Campaign to stop people giving money to beggars
A former homeless man is warning against giving money to people begging on the street.
The man who we are calling John, to protect his identity, spent eight years on the streets of Newcastle after becoming addicted to heroin when he was 12.
Now, he's helping the charity, Changing Lives, with a campaign that aims to educate people that giving cash to beggars, could lead to their death.
John started using heroin with his parents as a child. By 14 he'd been abandoned. He spent years on the street of Newcastle begging.
'I had friends who used to beg and I saw the sort of money they made. so I tried it for myself one night and I was stunned.

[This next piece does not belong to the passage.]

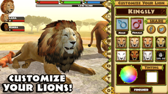 Jump into a brand new adventure as a ferocious Lion! Brave a dangerous new world to claim your place at the top of the food chain! Recruit, raise, and customize your lions, hunt down prey to feed your pride, and battle for your life against fierce bosses like the deadly trio of Hyenas! Download the Ultimate Lion Simulator today while it's 50% OFF for a very limited time! Brand New Features REALISTIC SIMULATOR You'll need to maintain your health, hunger, thirst, and energy if you're going to survive in the wilderness! EPIC FIGHTS Wield razor sharp claws and a spine-tingling roar to strike fear into the heart of your foes! Deliver the killing blow by leaping through the air, hitting critical touch-based targets, and pouncing on your enemy! New touch-based commands let you order your pride to surround and attack enemies! Hunt at night with the new Night Vision! BUILD YOUR LION PRIDE Dominate other lions and recruit them to your pride! Play as any lion in your pride and create a powerful family of predators! Every lion now has health, stats, and rankings providing significantly more immersive gameplay! RAISE LION CUBS Breed baby lion cubs that will grow into powerful members of your pride! Carry them around in your mouth and even play as them to hunt tiny critters! CUSTOMIZE YOUR LIONS Choose your lion's name, gender, fur pattern, and even tint them any color of the rainbow to make the pride of your dreams! Reach Alpha status to unlock the heroic furs that show off your prowess as a lion! LEVEL UP YOUR LIONS Gain experience by defeating dangerous enemies, scavenging carcasses, and completing missions! Level up your lions to increase their health and attack damage, earn points to upgrade your lion’s statistics, and increase the size of your pride! EARN STAT POINTS Stat Points can be used to provide bonus’s to traits like Health, Critical Attack Chance, Run Speed, and much more! UPGRADEABLE BUFFS Buff Points can be used to upgrade your Roar and Growl Buffs, which create temporary Stat Boosting auras around your lion when active! UNLOCKABLE SKILLS Skill Points unlock and upgrade special abilities for your lions. Upgrade “Enhanced Senses” to go into a rage mode that doubles run and attack speed! RAGDOLL PHYSICS Your prey now realistically dangles from your mouth as you carry them! Clamp your jaws around the carcass of larger prey and drag them into a secluded area to chow down! DYNAMIC WEATHER AND DAY/NIGHT CYCLE Procedural weather system with unique storms, clouds, sunrise, sunset and celestial movement! MASSIVE REALISTIC 3D ENVIRONMENT Rule over an environment so big we had to create three unique dens for your lions to live in! Track your prey down in the vast grassy plains of the Golden Savannah, brave the dangerous Elephant Boneyard, or explore the rocky hills of the Stone Oasis! 25 UNIQUE SPECIES Hunt down animals like hyena, gazelle, impala, elephant, rhinoceros, snake, fish, flamingo, stork, mice, rat, crocodile, african dog, rabbit, water buffalo, wildebeest, giraffe, cheetah and of course lion! HD NEXT-GEN GRAPHICS From the thick mane and piercing eyes of your lion to the decaying bones of the Elephant Boneyard, everything looks so real you will forget you’re playing a game! OPTIONAL BLOOD EFFECTS If you are of age or have your parents permission, turn on the BRAND NEW blood effects for added combat ferocity! GLUTEN-FREE PROMISE With all of our games you will always get the full game with no ads or additional purchases! Download the Ultimate Lion Simulator to experience the exciting life of the most dominant predator in the Animal Kingdom, the fierce Lion! If you liked living as a Lion then you'll love our other animal simulators! Download our Ultimate Wolf Simulator and live a wild life in the forest, check out the Stray Cat Simulator and raise kittens in a crowded city! Give us a shout and let us know what you want to play next! facebook.com/glutenfreegames twitter.com/glutenfreegames

So on an average day Monday to Thursday would be £200, a Friday or Saturday night anything between three to £500 a night.'
But that money was simply funding John's heroin addiction.
'I got to 32 and I was living in a cave in Seaham and I was just physically mentally and emotionally broken, I just couldn't function at all I wanted to die and to kill myself. I went to rehab and got an assessment and they took me in the next day and turned my life around.'
Two years ago it was estimated there were 25 people begging on the streets of Newcastle today it's thought to be 200.
That has led to a new campaign being launched by charity Changing Lives.
Outreach workers for the charity say that only a small minority of the beggars are homeless and they sit on the streets to make money to feed their addiction. Northumbria Police and Newcastle City Council are backing this new campaign, they want people to understand the real picture of begging in the city.
And that is something that John agrees with.
'The right thing would be not to give them money, you could give them money and they could go and use and that could kill them.'
This campaign is hoping that we can make a real change in a beggars life, by NOT giving them money.